The Incorrigibility of the Conquered: A Historiography Regarding the Failure of the Protestant Reformation in Early Modern Ireland

Student Author(s)

Cullen Smith

Faculty Mentor(s)

Dr. Janis Gibbs

Document Type

Poster

Event Date

4-15-2016

Abstract

Throughout the centuries following the Protestant Reformation in Ireland, historians have sought to develop a general consensus regarding the impact of the Protestant Reformation upon Irish history. Though much of the nineteenth and early twentieth centuries, a gradually emerging notion among early modern Irish historians addressed the Irish Reformation as a failure. My research focuses on the historiography of the Protestant Reformation in Ireland during the last quarter of the twentieth century, when analysis of the Protestant failure in Ireland was reformulated by Dr. Brendan Bradshaw and debate reinvigorated by his critic Dr.
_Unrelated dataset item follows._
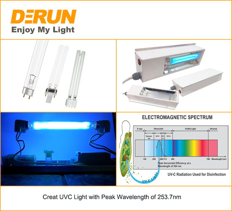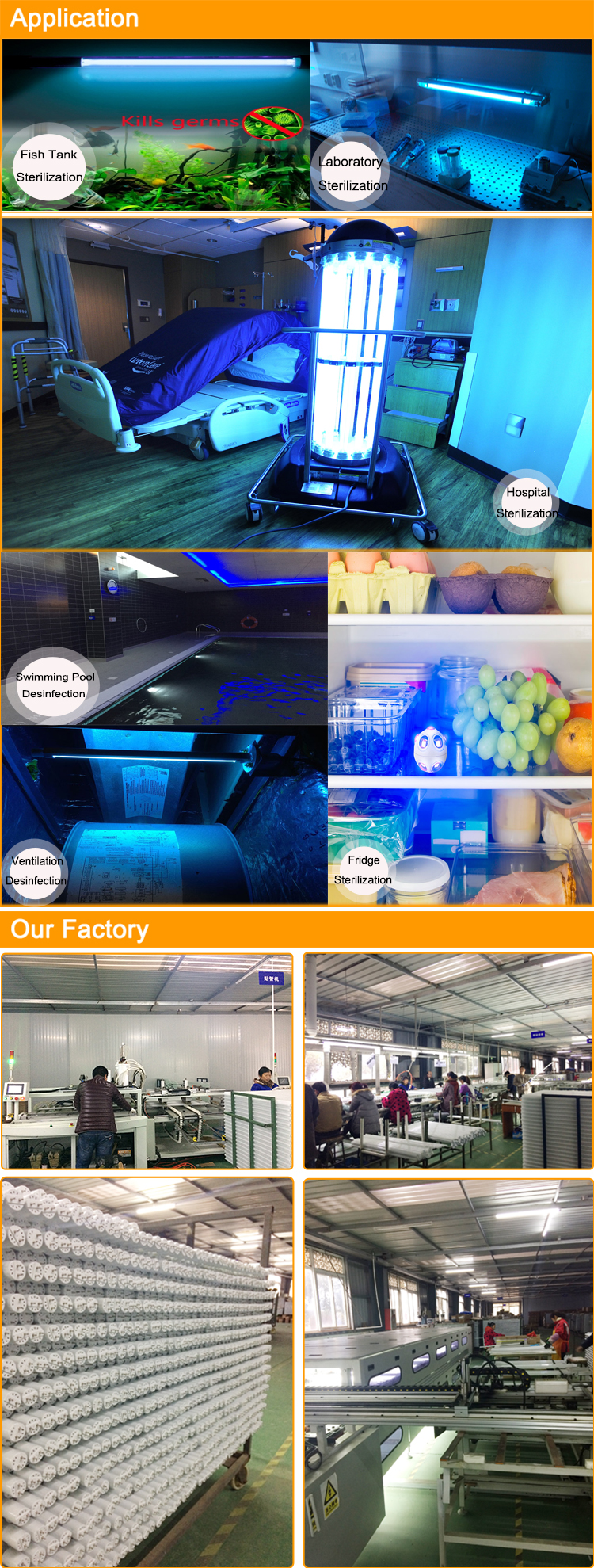 Features: 1. Radiating mainly short-wave ultr-violet rays of 253.7nm(UVC). The UVC has stron destructive effect on DNA systemiztion, inhibiting pathogen reproduction, and causing to die of germs 2. The lamp tube is made of special material, it can transmit more than 70% UV-C 3. Widely used in hospital disinfection, food sanitation, instrument disinfection, different sanitary places and leather aging.

Nicolas Canny, both challenging the degree to which the Protestant Reformation in Ireland failed. These two scholars represented polar opposite spheres of thought on the matter: Bradshaw asserting that the Reformation was a complete failure due to inconsistent application of ecclesiastical punishment and internal educational reform during Elizabeth’s reign in the mid- to late-sixteenth century, and Canny maintaining that the Reformation’s failure could not have been conclusive until the emergence of the “Second Reformation” in the early nineteenth century. Subsequent debate amongst scholars such as Karl S. Bottigheimer and Alan Ford reconsidered Bradshaw’s points, mostly agreeing with his conclusions while attempting to synthesize the two schools of thought. By the twenty-first century, modern interpretations from scholars like Samantha Meigs shifted back towards narrow contextual explanations and broad socio-cultural interactions, making historical synthesis of past views wholly apparent. By examining the breadth of these views, this research on the historiography of the Protestant Reformation in Ireland attempts to explain how the Protestant Reformation in Ireland came to be regarded as a failure, and how the conquered Irish remained “incorrigible” to its effects.